Keluarga Cemara or Cemara's Family is a 2019 Indonesian family film adapted from the 1996 TV series of the same title by Arswendo Atmowiloto. The film stars Ringgo Agus Rahman, Nirina Zubir, Zara JKT48, and Widuri Putri Sasono as a family who is forced to live in a remote village following the patriarch's bankruptcy.

The film was released on 3 January 2019 to critical acclaim and gained a total of 1.699.433 audiences, becoming the seventh most-watched movie of the year.
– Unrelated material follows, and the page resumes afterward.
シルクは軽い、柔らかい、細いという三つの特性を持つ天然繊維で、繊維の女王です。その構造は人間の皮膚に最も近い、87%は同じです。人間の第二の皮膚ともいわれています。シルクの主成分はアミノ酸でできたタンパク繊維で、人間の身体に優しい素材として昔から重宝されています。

Two weeks after the film's release, it won six different categories on Piala Maya 2019, and later five on Piala Citra 2019 and Indonesian Movie Actors Awards 2019. A sequel was released in June 2022, followed by a televesion series.

Cast 

 Ringgo Agus Rahman as Abah
 Nirina Zubir as Emak
 Zara JKT48 as Euis
 Widuri Putri Sasono as Ara/Cemara
 Ariyo Wahab as Fajar
 Asri Welas as Ceu Salmah
 Joshia Frederico as Andi
 Kafin Sulthan as Deni
 Kawai Labiba M.A. as Ima
 Yasamin Jasem as Rindu
 Abdurrahman Arif as Kang Romly
 Maudy Koesnaedi as Tante Pressier
 Andrew Trigg as Luc
 Citra Ayu as Bianca
 Melati JKT48 as Via
 Eve JKT48 as Fika
 Vanka JKT48 as Diva

Development 
The film was announced on 4 January 2018 with Yandi Lauren as the director, starring Ringgo Agus Rahman, Nirina Zubir, Zara JKT48, and Widuri Putri Sasono. It premiered on 29 November 2018, before publicly released on 3 January 2019.
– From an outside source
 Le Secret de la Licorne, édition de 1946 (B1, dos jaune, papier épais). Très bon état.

Following the film's success, Visinema Pictures announced the production of a sequel movie, with a television series centering on Zara JKT48's Euis will be released before the film. The sequel, titled Keluarga Cemara 2, was released in June 2022. Meanwhile, a television series is confirmed to be released on Disney+ Hotstar in September 2022.